What you are asked to do:
Within the material below, how many lines include "wood"? Answer with the count only.

Data for analysis:
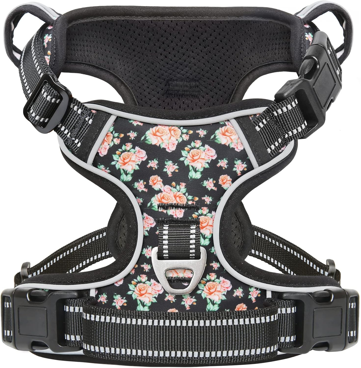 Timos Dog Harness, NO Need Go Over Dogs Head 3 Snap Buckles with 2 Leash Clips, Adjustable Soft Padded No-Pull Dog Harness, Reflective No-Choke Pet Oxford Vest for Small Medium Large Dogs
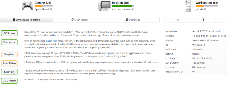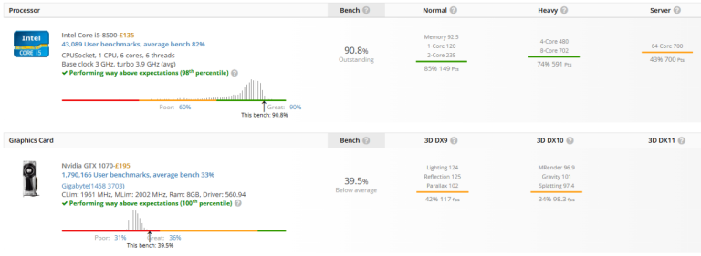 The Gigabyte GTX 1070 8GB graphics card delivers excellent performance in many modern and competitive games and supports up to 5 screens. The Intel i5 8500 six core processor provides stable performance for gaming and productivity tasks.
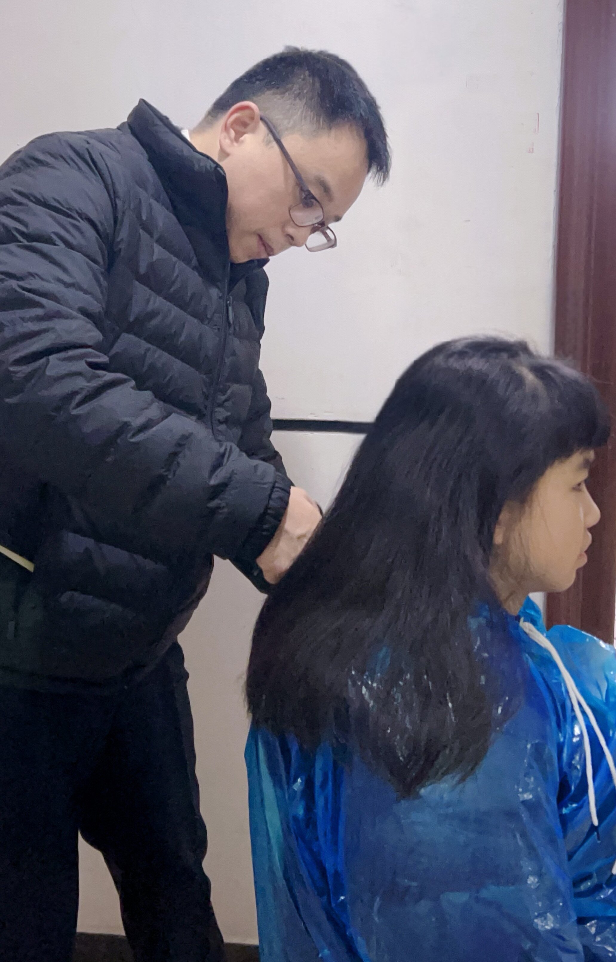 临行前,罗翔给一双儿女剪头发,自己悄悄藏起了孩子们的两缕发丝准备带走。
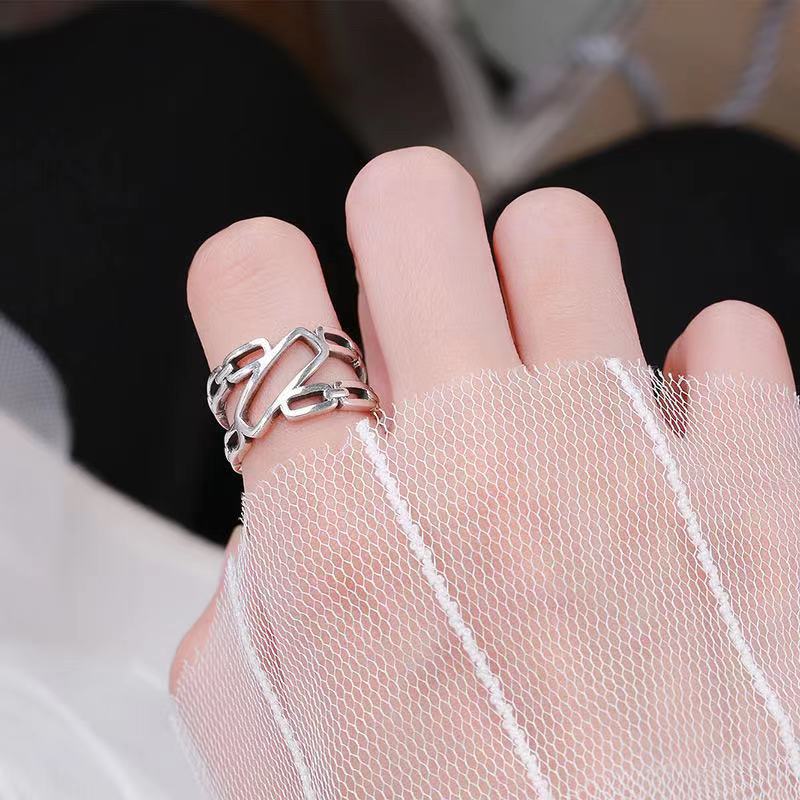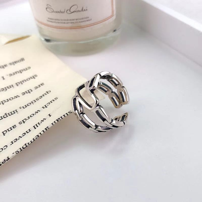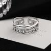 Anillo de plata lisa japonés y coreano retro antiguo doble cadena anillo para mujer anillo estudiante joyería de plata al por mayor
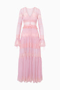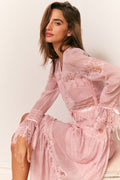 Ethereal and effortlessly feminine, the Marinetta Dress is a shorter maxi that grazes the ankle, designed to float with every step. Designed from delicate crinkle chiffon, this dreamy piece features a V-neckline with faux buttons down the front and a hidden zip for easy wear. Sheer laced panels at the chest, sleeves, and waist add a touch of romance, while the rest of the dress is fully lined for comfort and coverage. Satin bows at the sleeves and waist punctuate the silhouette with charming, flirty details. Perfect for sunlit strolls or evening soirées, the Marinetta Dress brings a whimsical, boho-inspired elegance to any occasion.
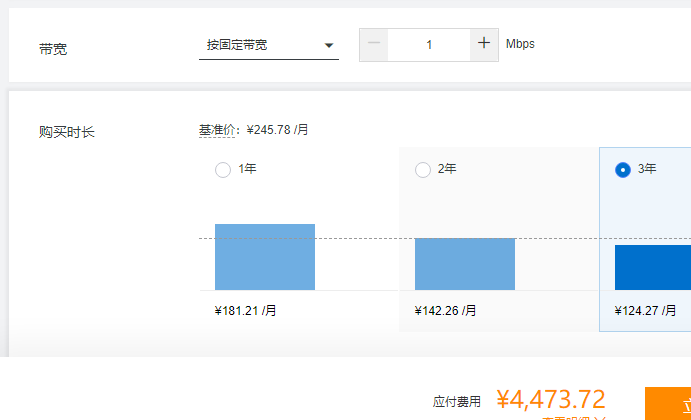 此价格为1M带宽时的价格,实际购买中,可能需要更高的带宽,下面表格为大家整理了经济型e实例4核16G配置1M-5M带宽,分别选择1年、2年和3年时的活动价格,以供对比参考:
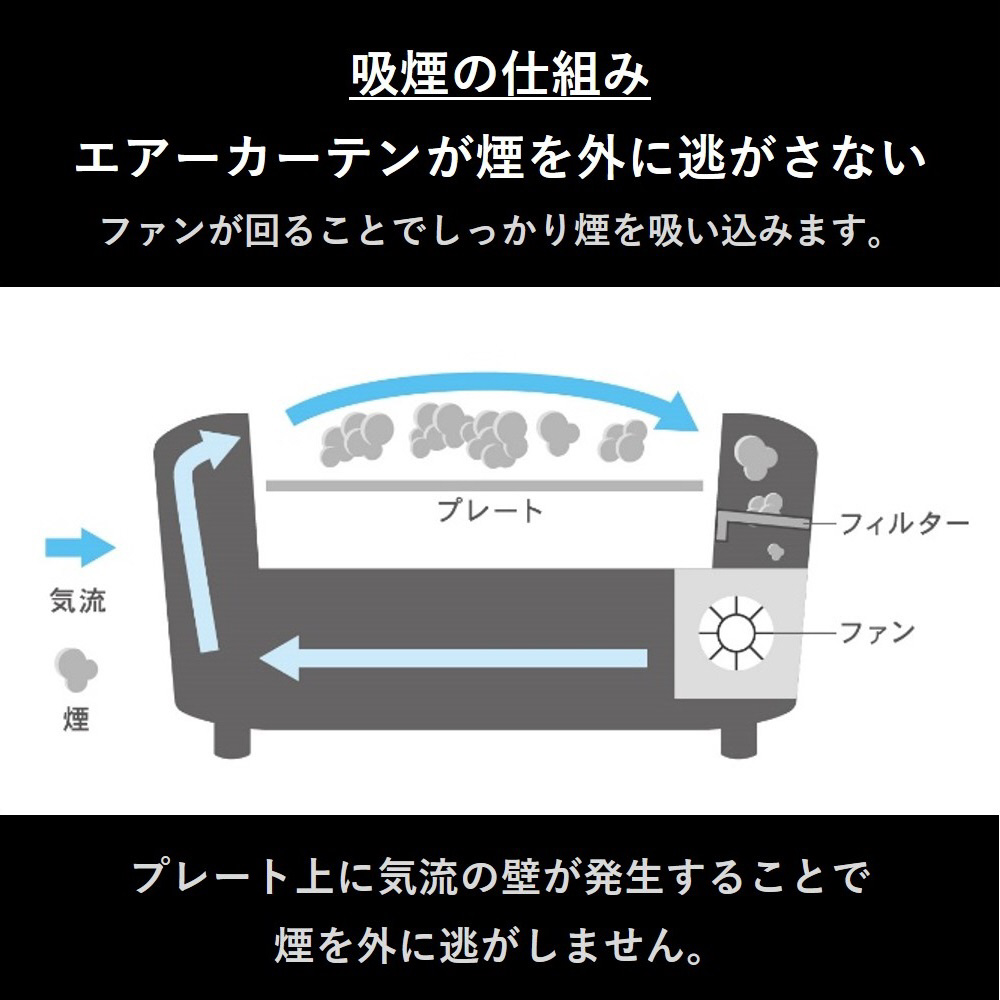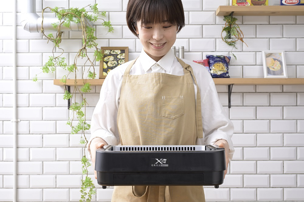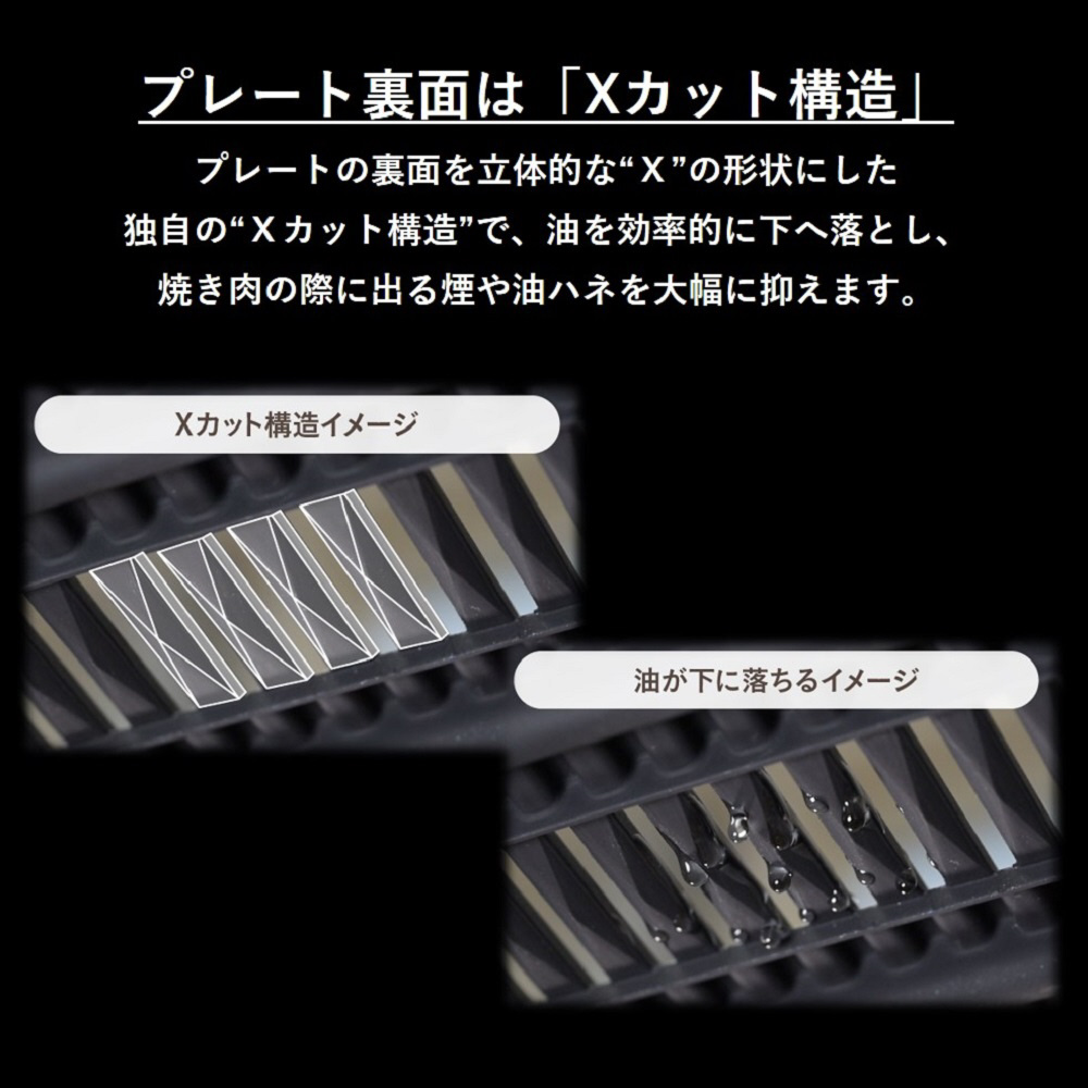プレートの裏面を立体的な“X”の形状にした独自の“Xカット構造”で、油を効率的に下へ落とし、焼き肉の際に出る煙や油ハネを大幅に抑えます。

--

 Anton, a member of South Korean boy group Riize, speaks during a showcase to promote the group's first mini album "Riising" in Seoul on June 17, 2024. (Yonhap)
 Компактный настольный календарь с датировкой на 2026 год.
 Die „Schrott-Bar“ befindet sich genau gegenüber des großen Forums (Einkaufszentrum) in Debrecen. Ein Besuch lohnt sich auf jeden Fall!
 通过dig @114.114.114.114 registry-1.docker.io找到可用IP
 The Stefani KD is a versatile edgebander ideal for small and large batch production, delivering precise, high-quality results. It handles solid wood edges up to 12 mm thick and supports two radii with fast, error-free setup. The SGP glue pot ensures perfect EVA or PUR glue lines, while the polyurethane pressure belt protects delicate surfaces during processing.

...

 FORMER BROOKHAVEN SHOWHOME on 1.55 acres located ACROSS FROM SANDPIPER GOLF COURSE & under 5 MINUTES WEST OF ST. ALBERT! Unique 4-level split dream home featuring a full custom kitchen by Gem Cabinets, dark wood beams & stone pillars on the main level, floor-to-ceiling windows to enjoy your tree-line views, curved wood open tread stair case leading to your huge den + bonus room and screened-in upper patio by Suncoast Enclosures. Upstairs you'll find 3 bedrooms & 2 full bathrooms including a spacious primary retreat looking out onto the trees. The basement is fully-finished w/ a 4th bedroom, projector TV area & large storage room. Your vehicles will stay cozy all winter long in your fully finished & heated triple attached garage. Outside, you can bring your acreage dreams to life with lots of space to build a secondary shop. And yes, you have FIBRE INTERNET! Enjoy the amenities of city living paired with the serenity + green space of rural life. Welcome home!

Response to this exercise:
2